Stanford CS25: V4 I Hyung Won Chung of OpenAI

13 Jun 2024 (over 1 year ago)

Introduction (0s)

Hyung Won Chung is a research scientist at OpenAI, specializing in large language models.
He has worked on various aspects of LLMs, including pre-training, instruction fine-tuning, reinforcement learning with human feedback, reasoning, and more.
Notable works include the scaling FLAN paper (FLAN-T5 and FLAN-PaLM), and T5X, the training framework used to train the PaLM language model.
Before OpenAI, he was at Google Brain and holds a PhD from MIT.
The goal of the lecture is to develop a unified perspective on the history of Transformers to project potential future developments in AI.
By looking at the early history of Transformers, we can learn lessons and gain insights into the future of AI.
The lecture will examine the architectures of Transformers to gain a deeper understanding of their development.

The dominant driving force behind rapid changes in AI research is the exponential decrease in compute costs.
Predicting the future of AI is simpler than predicting the future in general due to its narrower focus.
The traditional approach of modeling human thinking in AI is flawed and limits scalability.
The key to AI research is to leverage cheaper compute, scale up with weaker modeling assumptions, and provide more data to models.
The optimal level of structure or inductive bias for AI models depends on available compute resources.
Removing unnecessary structure is not incentivized in the current AI research paradigm, hindering progress.
Understanding the driving force of cheaper compute and scaling up is crucial for advancing AI research.
Analyzing the history of Transformer models and researcher decisions can provide insights into optimal structures over time.
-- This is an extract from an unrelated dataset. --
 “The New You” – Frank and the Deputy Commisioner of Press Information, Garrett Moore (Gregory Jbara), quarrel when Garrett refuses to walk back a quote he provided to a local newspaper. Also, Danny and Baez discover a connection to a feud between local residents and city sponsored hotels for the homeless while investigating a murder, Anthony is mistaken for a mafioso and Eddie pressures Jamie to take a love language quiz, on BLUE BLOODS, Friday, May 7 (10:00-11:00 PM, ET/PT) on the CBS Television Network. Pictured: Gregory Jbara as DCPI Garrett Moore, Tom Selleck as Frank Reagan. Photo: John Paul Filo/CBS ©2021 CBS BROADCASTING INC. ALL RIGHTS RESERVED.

A Transformer is a sequence model that uses attention to model the interaction between sequence elements.
There are three types of Transformers: encoder-decoder, encoder-only, and decoder-only.
The encoder-decoder Transformer is the original Transformer and has a more structured architecture compared to the other two types.
The encoder-only Transformer produces a single vector representation of the input sequence, regardless of its length.
The decoder-only Transformer is used in language models like GPT-3 and can generate sequences.
The attention mechanism in the Transformer allows the decoder to attend to some of the encoder's sequence representations.
The key design features of the decoder-only architecture are that self-attention serves both roles and the parameters are shared between input and target sequences.
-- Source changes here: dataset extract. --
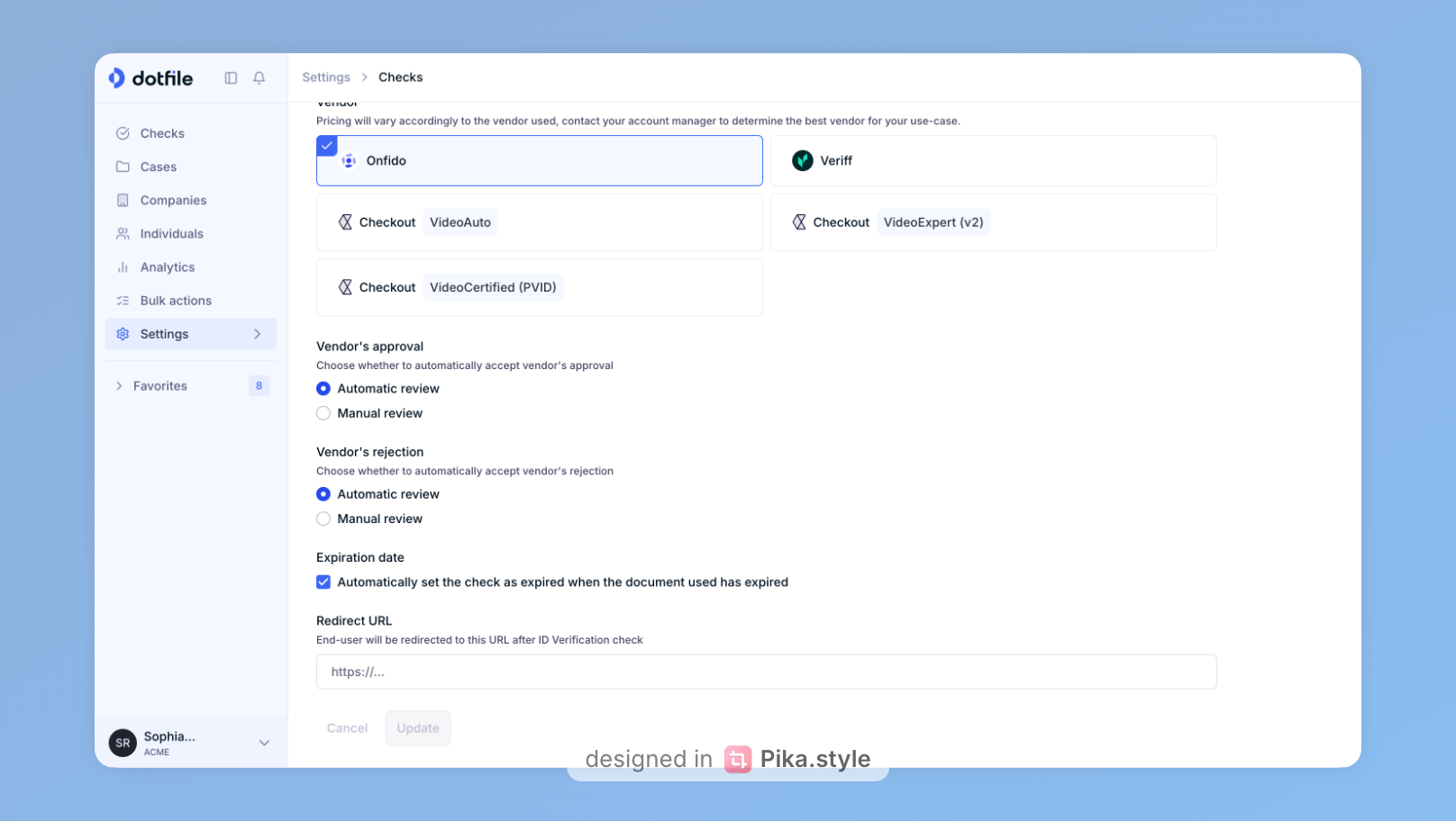 To enable Onfido, navigate to your settings and select Onfido as your verification provider.

The encoder-decoder and decoder-only architectures differ in their attention mechanisms, parameter sharing, and target-to-input attention patterns.
The encoder-decoder architecture has separate cross-attention and self-attention mechanisms, separate encoder and decoder parameters, and target-to-input attention, while the decoder-only architecture shares both attention mechanisms, parameters, and attends to the same layer representation of the encoder.
The additional structures in the encoder-decoder architecture, such as separate input and target parameters, cross-attention, and target-to-input attention, are useful when the input and target sequences are sufficiently different or long.
However, these assumptions may not hold for larger language models, longer target sequences, or multi-turn chat applications.
Bidirectional input attention may not be necessary at scale and presents engineering challenges for modern multi-turn chat applications, while unidirectional fine-tuning is more efficient and allows for caching of previous encodings.
The shift from bidirectional to unidirectional fine-tuning is driven by the exponential decrease in compute costs and the associated scaling efforts.
Analyzing historical artifacts and current events can provide insights into the assumptions and limitations of AI research, enabling the development of more general and scalable solutions.